Data for processing:
*** Block opens ***
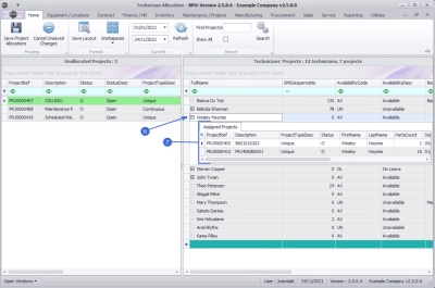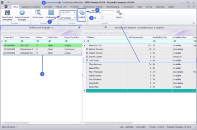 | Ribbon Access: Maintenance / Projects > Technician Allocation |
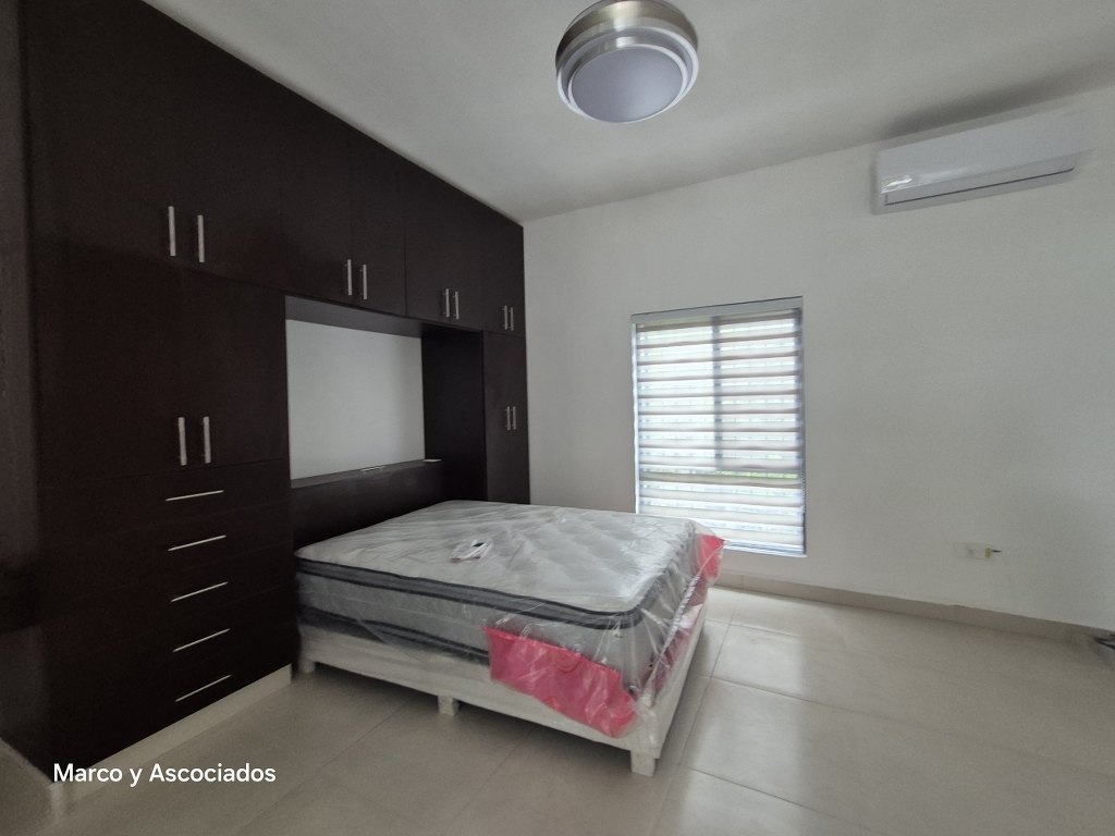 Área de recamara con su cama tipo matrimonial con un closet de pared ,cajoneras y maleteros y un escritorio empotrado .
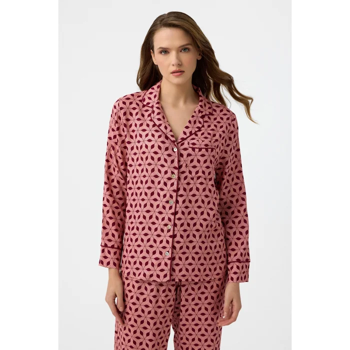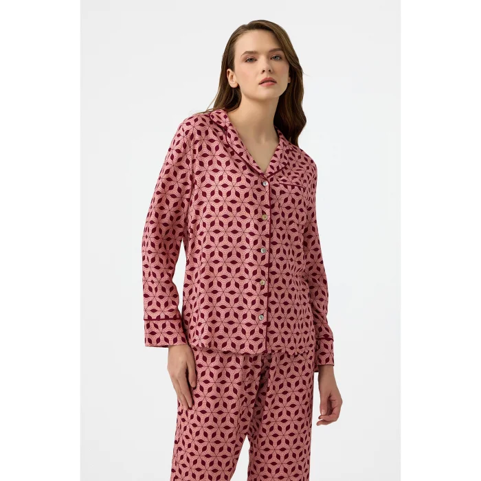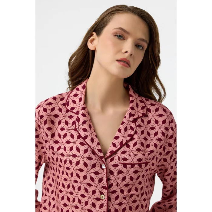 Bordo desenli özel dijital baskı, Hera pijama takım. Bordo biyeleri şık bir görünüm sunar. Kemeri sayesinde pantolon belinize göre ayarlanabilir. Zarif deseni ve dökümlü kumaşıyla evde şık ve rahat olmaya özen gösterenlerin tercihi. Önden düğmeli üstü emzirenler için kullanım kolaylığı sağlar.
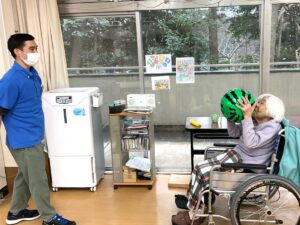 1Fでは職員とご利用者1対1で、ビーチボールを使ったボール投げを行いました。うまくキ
*** Block closes ***
*** Block opens ***
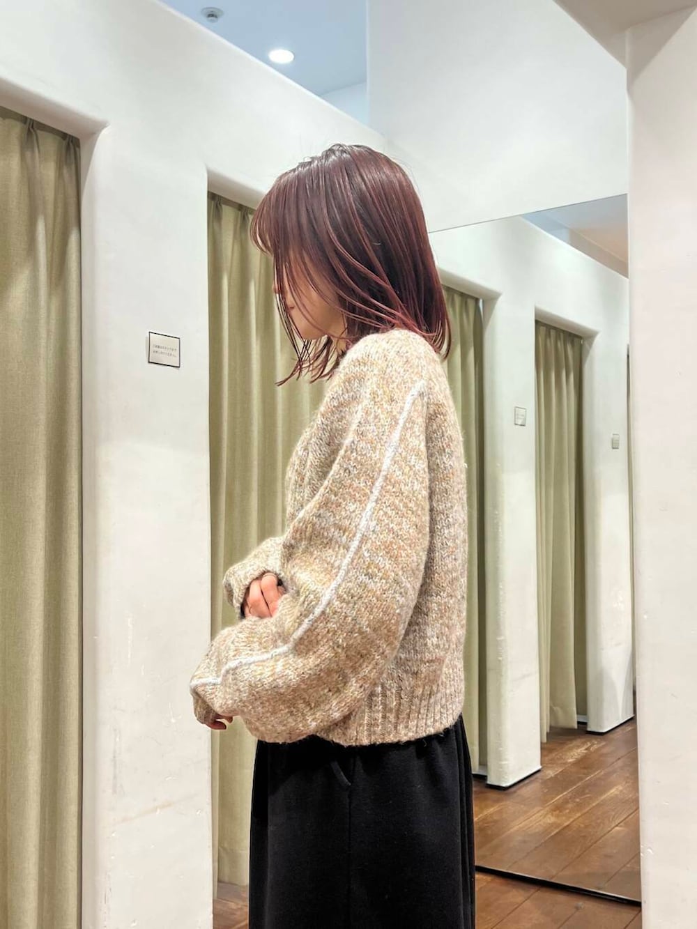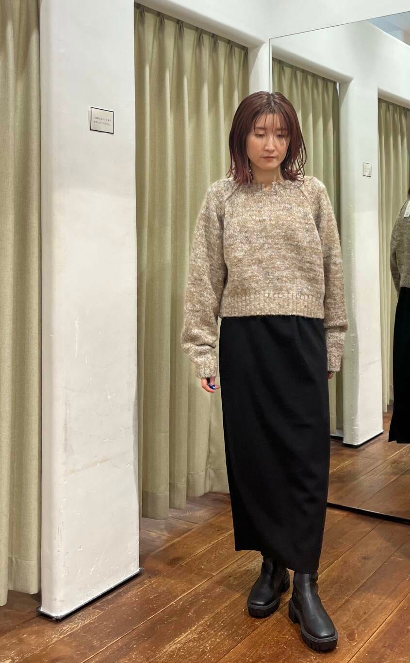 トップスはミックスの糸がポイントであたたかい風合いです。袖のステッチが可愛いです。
*** Block closes ***
*** Block opens ***
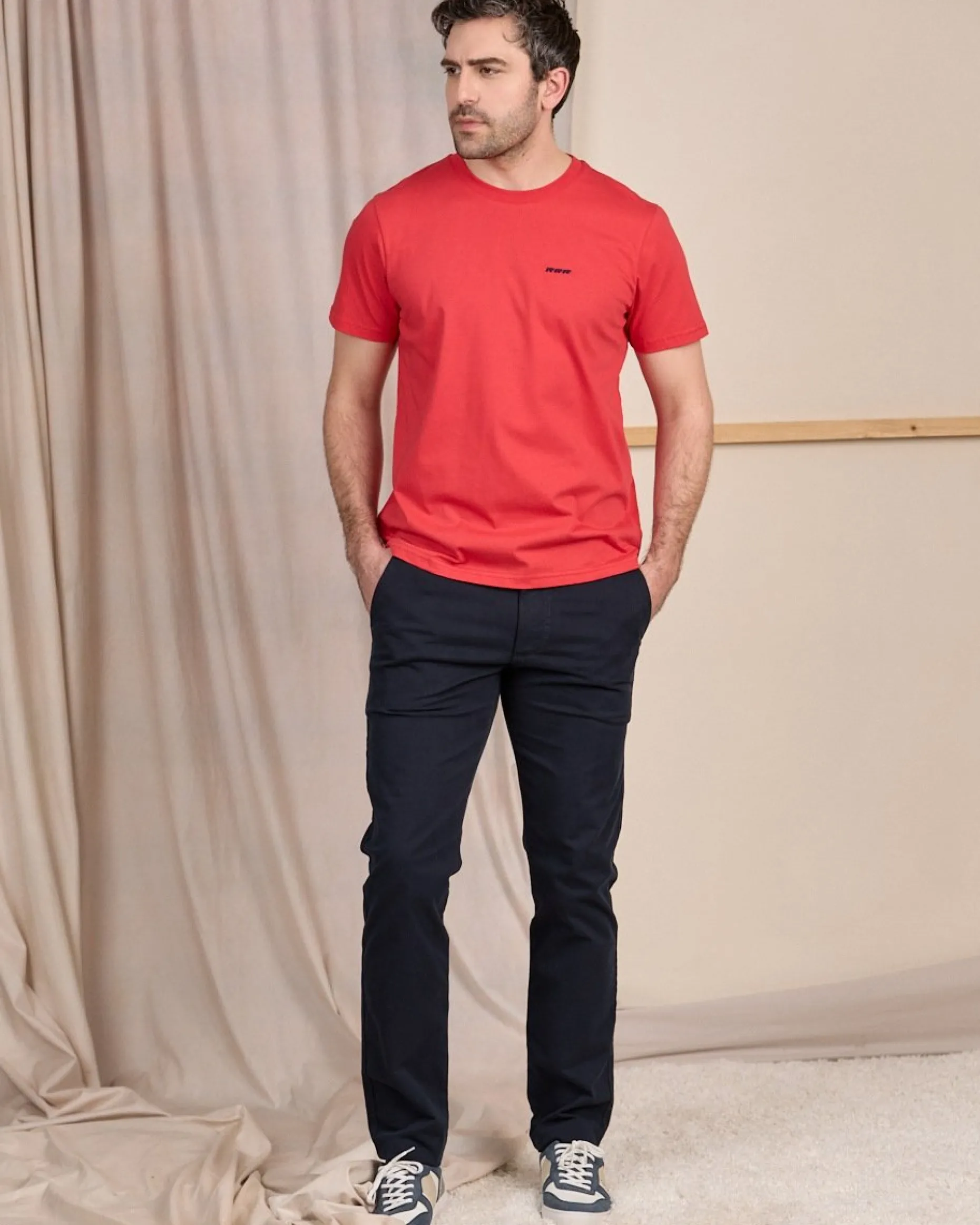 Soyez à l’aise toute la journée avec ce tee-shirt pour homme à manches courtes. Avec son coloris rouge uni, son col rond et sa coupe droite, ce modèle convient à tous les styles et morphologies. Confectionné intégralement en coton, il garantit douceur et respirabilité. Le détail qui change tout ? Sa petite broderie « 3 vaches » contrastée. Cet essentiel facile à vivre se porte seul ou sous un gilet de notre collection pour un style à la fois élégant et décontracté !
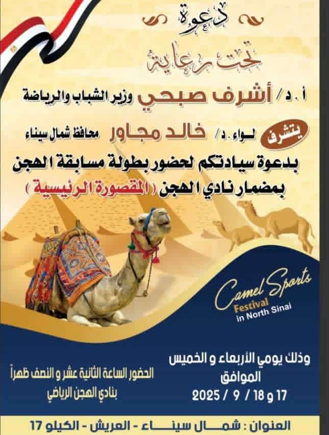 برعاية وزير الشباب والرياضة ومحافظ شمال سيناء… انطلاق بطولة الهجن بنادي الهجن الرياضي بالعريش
*** Block closes ***
What you have to do: From the line containing "Technician Allocation |" through the line containing "1Fでは職員とご利用者1対1", copy every line above exactly, without pictures.

Output of the task:
 | Ribbon Access: Maintenance / Projects > Technician Allocation |
 Área de recamara con su cama tipo matrimonial con un closet de pared ,cajoneras y maleteros y un escritorio empotrado .
 Bordo desenli özel dijital baskı, Hera pijama takım. Bordo biyeleri şık bir görünüm sunar. Kemeri sayesinde pantolon belinize göre ayarlanabilir. Zarif deseni ve dökümlü kumaşıyla evde şık ve rahat olmaya özen gösterenlerin tercihi. Önden düğmeli üstü emzirenler için kullanım kolaylığı sağlar.
 1Fでは職員とご利用者1対1で、ビーチボールを使ったボール投げを行いました。うまくキ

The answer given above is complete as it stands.